Will Pat Quinn let Uber create 425 new jobs in Chicago?

Will Pat Quinn let Uber create 425 new jobs in Chicago?

Popular ridesharing company Uber is ready to add 425 new jobs in its Chicago office – but only if Gov. Pat Quinn vetoes a bill recently passed by the Illinois General Assembly that would impose burdensome restrictions on ridesharing services and their drivers. Some businesses tell the state government that they will only create jobs...

Popular ridesharing company Uber is ready to add 425 new jobs in its Chicago office – but only if Gov. Pat Quinn vetoes a bill recently passed by the Illinois General Assembly that would impose burdensome restrictions on ridesharing services and their drivers.

Some businesses tell the state government that they will only create jobs in Illinois if the state gives them a handout. But not Uber. As Crain’s columnist Greg Hinz points out, Uber has not sought EDGE tax credits, tax-increment financing or any other subsidies from the state. (EDGE tax credits allow companies that provide jobs in the state to get a break on their income taxes, while tax-increment financing, or TIF, funds are controversial redevelopment subsidies that were originally intended only for “blighted” areas.) Uber is only asking the state to stay out of its way so it can create more jobs.

The bill before Quinn would make it extremely difficult for anyone to earn a living as a rideshare driver in Chicago, as it requires rideshare companies to limit drivers to just 18 hours of work per week to avoid additional onerous restrictions.

That 18-hour cutoff doesn’t serve any public health or safety purpose – there’s no reason to think drivers become less safe in their 19th hour of driving in a given week.

The only purpose of this bill is to limit competition against the taxi industry that lobbied for this legislation.

Chicago has already passed its own ridesharing ordinance. It contains numerous anti-competitive provisions, but it’s not as bad as Mayor Rahm Emanuel’s original proposal, and it’s not as bad as the state bill.

The city ordinance would allow a ridesharing service to operate under relatively light restrictions as long as its drivers don’t work more than 20 hours per week on average. Although arbitrary and unnecessary, the 20-hour-average rule is less burdensome than the state’s 18-hour limit for all drivers. Under the city’s rule, drivers who want to work on a close-to-full-time basis may be able to do so if they are offset by drivers who choose to work only a few hours per week.

The city ordinance should also satisfy any safety concerns because, among other things, it requires driver background checks, vehicle inspections and insurance coverage.

So it’s reasonable that Uber – and anyone who cares about liberty or Chicago’s economic prosperity – would prefer the city ordinance to the proposed state law.

Quinn has no excuse for not vetoing this bill.
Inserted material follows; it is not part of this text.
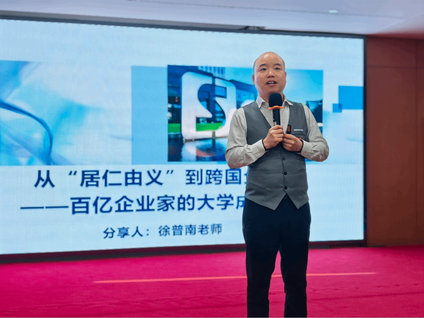 活动的最后,徐普南先生为全体师生亲授成长课程《从“居仁由义”到跨国企业——用中国式智慧点燃商业征途》。他以中华传统文化为根基,结合自身创业与管理实践,阐释了中国商业智慧在国际舞台上的应用与价值,令在场师生深受启发、收获颇丰。

It would kill existing rideshare drivers’ jobs, prevent Uber from creating new jobs in a city that desperately needs them and do nothing to make consumers safer than they already are.

The only reason for Quinn could have for signing this bill is to pander to the narrow but influential special-interest group that lobbied for it. If he does not veto this bill, it will tell Illinoisans a lot about where his priorities lie – and voters may keep that in mind when they go to the ballot box in November.